Spirituality Won’t Cure the Autism

A gorgeous, God-provided Friday sunset in Tanzania, photo taken by me

Ever since my childhood I’ve been obsessed with the supernatural. Spirituality, religion, astrology, magic—if it was difficult to explain or measure, I was geeked. With that interest, it was only natural that when it felt like my life was falling apart (as well as when my life was actually falling apart) I would turn to a Higher Power to help me get some control back.

Despite all my of previous religious leanings, plus my current spiritual leanings, nothing seems to make the effects of this new-found autism self-diagnosis go away. While I only recently, meaning yesterday, found out that there’s a 99.9999% probability that I’m on the autism spectrum, I didn’t just get on the spectrum. I’ve been on it my whole life.

Because I have the ability to look back on said life and see all the ways not knowing about this autism likely fucked me over in multiple ways, I can see how all of the prayers, the meditations, the retreats, the new moon salt baths, the ayahuasca ceremonies, the shroom trips, etc. did absolutely nothing to help me overcome the existential dread, social anxiety, random bouts of depression, communication blow-ups, etc.

I’m not saying that spirituality and religion don’t have a place in a neurodivergent’s life, because I love me some God. What I am saying is that, instead of approaching spirituality from a place of, “ oh my god, there’s something wrong with me, please help me fix me 😩,” I can now approach it from a different vantage point.

I have no idea what that vantage point is right now, but I think it’s probably somewhere along the lines of accepting this self-diagnosis, educating myself about myself and everything that seems to stem from the autism, e.g. masking, isolating when overwhelmed, emotional outbursts, lack of boundaries, etc., educating those around me, advocating for myself and others like me (to the best of my abilities), and using spirituality to give me the courage and confidence to stand firmly in my truth and the truth about who I am.

Another important piece is, now that I know the why of the reason I am the way I am, I can better manage and cope with the uncontrollable stressors of life, and have an unmovable rock to lean on through the storms that this world can stir up.

All in all, the gist of this post is this: spirituality is amazing. My relationship with those in the other realms is unmatched, and no I cannot see dead people. That would nice though. I do not, however, believe that it can cure autism. To be honest, I feel like autism is a gift in a way. It’s made me extremely resilient, open to other ways of thinking and being, curious, and able to self-soothe if need be. I’ve been able to explore so many different avenues to better understand myself, that I can understand others better, too.

This journey is about to get interesting, friends!

♾ Aminah Jamil

I Should Change My Middle Name to “Pivot”

Photo by Windows on Unsplash

Hello there!

It’s been a minute, but hopefully not too long.

I thought I’d come back through with some updates.

As I mentioned in one of my previous posts about a huge change of plans that forced me to re-evaluate my career, things have really, really been changing for me, as I’m sure they’ve been changing for a lot of you all with the craziness going on in the world.

I used to get really self-conscious about how much I changed my career, and especially when looking at people my age and how much they’ve accomplished thus far in life.

I’ve since come to accept that this is just part of my life. Until that thing that makes me financially, mentally, and emotionally comfortable comes along and sets up shop in my career department, I’ll be pivoting, again and again. 

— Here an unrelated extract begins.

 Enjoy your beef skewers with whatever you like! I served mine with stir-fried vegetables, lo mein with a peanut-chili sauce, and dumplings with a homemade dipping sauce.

Luckily, somehow, the universe continues to clear a path for me to do something I’m wonderful at, something that comes quite effortlessly to me, and something that, if I’m being 100% authentic, doesn’t feel like work, and I am actually happy doing it.

That thing is writing.

Despite the pivoting I’ve experienced throughout my career life, the one thing that’s always been consistent is writing. Every single job I’ve had to do, writing was a big part of it. So I guess I should cut myself some slack, huh? 

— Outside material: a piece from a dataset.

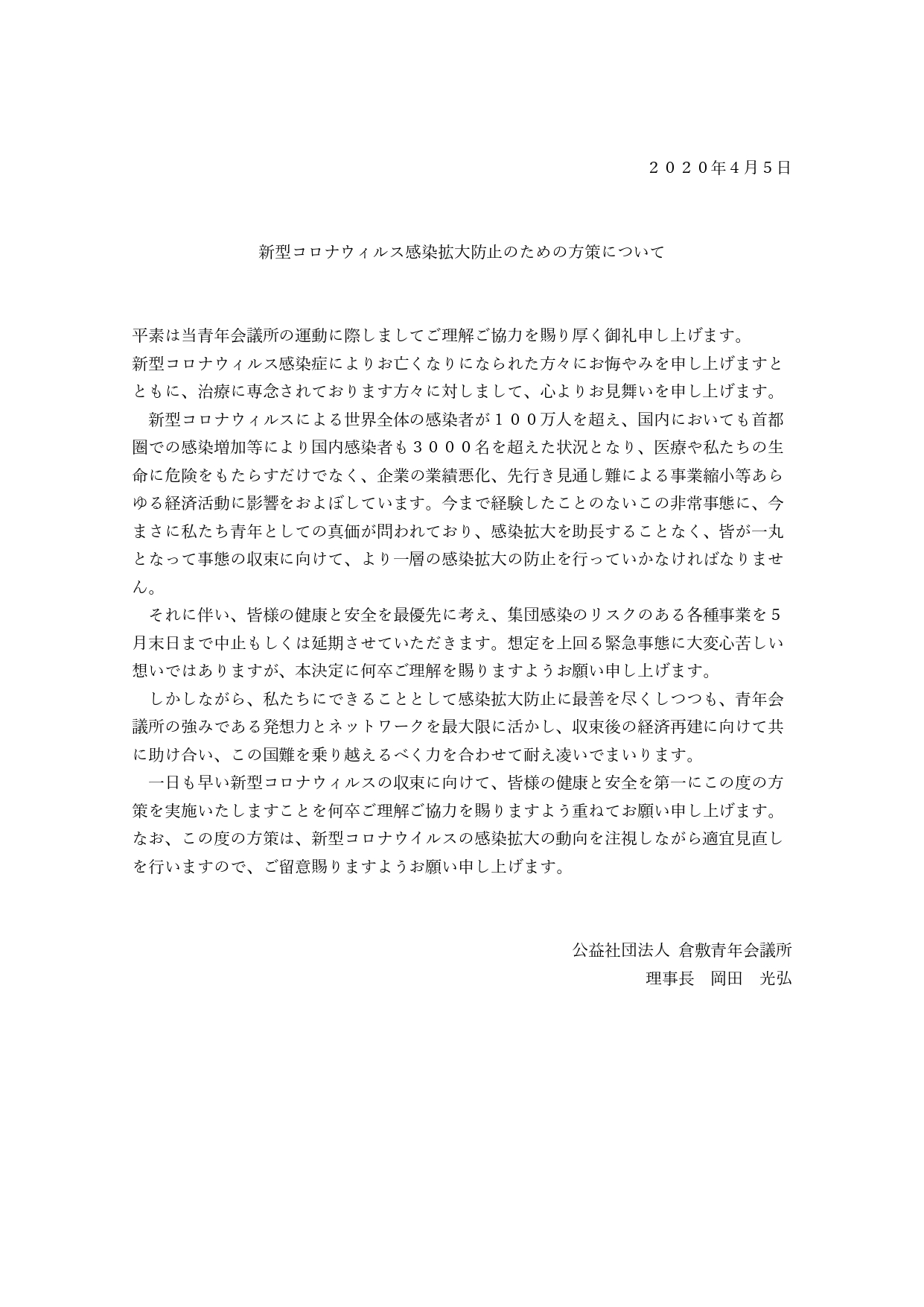 新型コロナウィルス感染拡大防止のための方策について

If you’re like me, a middle-aged millennial (meaning your birth year is around 1985-1990), and you keep finding yourself wondering what the heck you’re supposed to be doing in this life, please don’t give up. But also please give yourself a pat on the back for how hard you’ve worked thus far. And also please don’t give up on any dreams you’ve ever had in your life—try them out, if you have the chance. 

Look, if the only thing that’s stopping you from going after a dream is fear, whether it’s your own personal fear or fear from naysayers, PLEASE KEEP GOING.

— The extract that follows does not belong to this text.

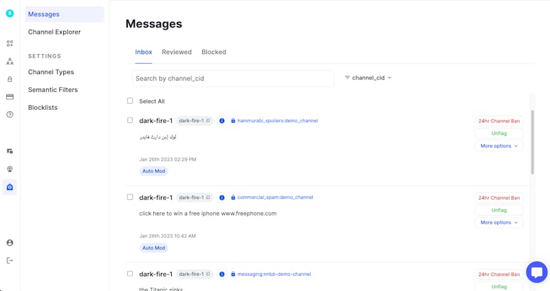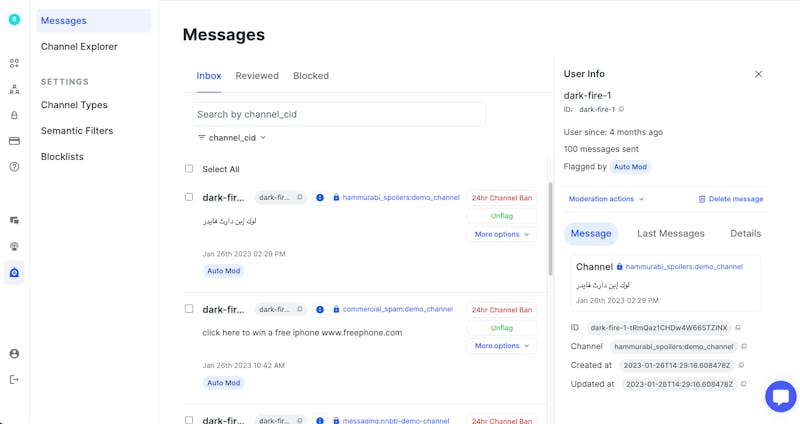 This message now shows up in the moderation dashboard, in the ‘Messages’ section:

Maybe You Still Don’t Know

Even after winning the young author’s contest in the 3rd grade, I still had no clue that I wanted to be a writer. It wasn’t until my adolescent years that I even started writing creatively, and not until my early twenties that I took writing seriously enough to consider just doing it on the side.

Plus, think of all those famous writers who didn’t become famous until their forties and fifties. Kids, we’ve still got time, okay? Not that we’re trying to get famous here. Let’s call it “meeting our definition of success”. 

We still have time to meet our definitions of success, no matter how many times we need to pivot; we will make it there. 

You heard it here first!

Tl;dr – be okay with the pivot, it’s okay not to know what you want even if you’re in your 20s, 30s, 40s, 50s, 60s, 70s, 80s, 90s, 100s, 1000s, etc.